Así pues, el derecho a tener un cónyuge solo puede entenderse como el derecho a contar con las condiciones debidas para que el individuo pueda entrar en relación con quien libremente acceda al encuentro ordenado a la plenitud de su humanidad íntegra. El derecho a tener cónyuge no puede entenderse como la deuda para encontrar compañía ni para satisfacer gustos, menos aún para consentir caprichos.
Del mismo modo, el derecho a tener hijos se entiende justamente solo como las condiciones que deben darse para que libremente, sin coacción ni suplantaciones artificiosas se engendre un nuevo ser humano.
Propiamente no hay derecho a tener hijos, sino derecho a tener los elementos necesarios para concebirlos, y procurarles el desarrollo íntegro y cabal de su humanidad.
Pero aquí aparece algo interesante: los padres no tienen propiamente el derecho a tener hijos, pero todos los individuos, particularmente los recién nacidos, infantes, púberes, adolescentes y jóvenes sí tienen derecho a tener padres. Esto es así porque los padres son un bien necesario para el ser humano especialmente en las edades mencionadas. Siendo necesario, ese bien es debido. Se le debe, es un derecho.
Los padres son necesarios para el desarrollo del individuo, por eso son un derecho. Pero los hijos no son necesarios para el desarrollo de la humanidad de los padres, por eso no son un derecho.
Para el óptimo desarrollo de las potencias físicas, psíquicas y espirituales (inteligencia y voluntad) del hijo es necesario tener a los progenitores (quienes le engendraron), sin embargo, en caso de que su compañía sea imposible por defecto de su presencia o por defecto físico, psíquico o espiritual, entonces es válido proveer a la persona menor, de padres adoptivos.
La adopción es una respuesta al derecho del hijo. En ningún caso es justo como cumplimiento de derecho alguno de los padres.
Debido a que la progénesis implicó a solo un individuo humano femenino y a solo un individuo humano masculino, la adopción es justa solo proveyendo a un individuo femenino y a uno masculino.
Proveer de padres del mismo sexo es una acción que desatiende al derecho del adoptando. Tan injusta como dar un vaso vacío al sediento.
No se pone en duda la capacidad física o afectiva (psíquica) de los que pretenden adoptar. Ni de heterosexuales ni de homosexuales. Tampoco la posibilidad económica para proveer de bienes de consumo al adoptando. Esas capacidades no son suficientes por sí mismas para satisfacer la justa deuda de amor y atención a ninguna persona.

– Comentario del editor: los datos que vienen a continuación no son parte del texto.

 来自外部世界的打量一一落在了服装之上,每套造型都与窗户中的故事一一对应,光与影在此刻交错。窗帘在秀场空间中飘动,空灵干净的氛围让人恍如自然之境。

Lo que sí es definitorio es la capacidad espiritual, por la cual se provea a la inteligencia del desarrollo hacia la búsqueda y el encuentro constantes con la verdad, y a la voluntad libre del desarrollo en la opción y procuración del orden justo con todos los factores que integran la naturaleza, es decir, desarrollo conseguido por la elección y operación del bien y de la belleza.

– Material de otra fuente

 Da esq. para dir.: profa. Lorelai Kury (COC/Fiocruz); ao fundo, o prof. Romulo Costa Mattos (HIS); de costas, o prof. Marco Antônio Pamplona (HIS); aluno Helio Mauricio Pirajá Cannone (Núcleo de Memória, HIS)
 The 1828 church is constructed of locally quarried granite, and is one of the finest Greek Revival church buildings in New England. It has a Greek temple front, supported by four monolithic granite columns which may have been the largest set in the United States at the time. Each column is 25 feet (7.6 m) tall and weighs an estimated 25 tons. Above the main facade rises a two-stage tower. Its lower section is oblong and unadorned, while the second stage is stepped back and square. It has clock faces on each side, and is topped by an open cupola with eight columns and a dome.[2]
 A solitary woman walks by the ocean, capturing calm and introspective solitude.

En contados casos de parejas heterosexuales se encuentra esta disposición de la inteligencia a la verdad y de la voluntad libre al bien.
En las parejas homosexuales puede ser evidente la indisposición de la inteligencia para reconocer la realidad tal cual es (al confundir masculino con femenino o no tener clara su propia identidad) y de la debilidad de la voluntad, nublada para diferenciar entre verdadero bien y satisfacción del gusto.
En suma, en la relación entre personas es justo solo lo que propicia el encuentro. Se tiene derecho solo a lo que propicie el desarrollo pleno de cada persona.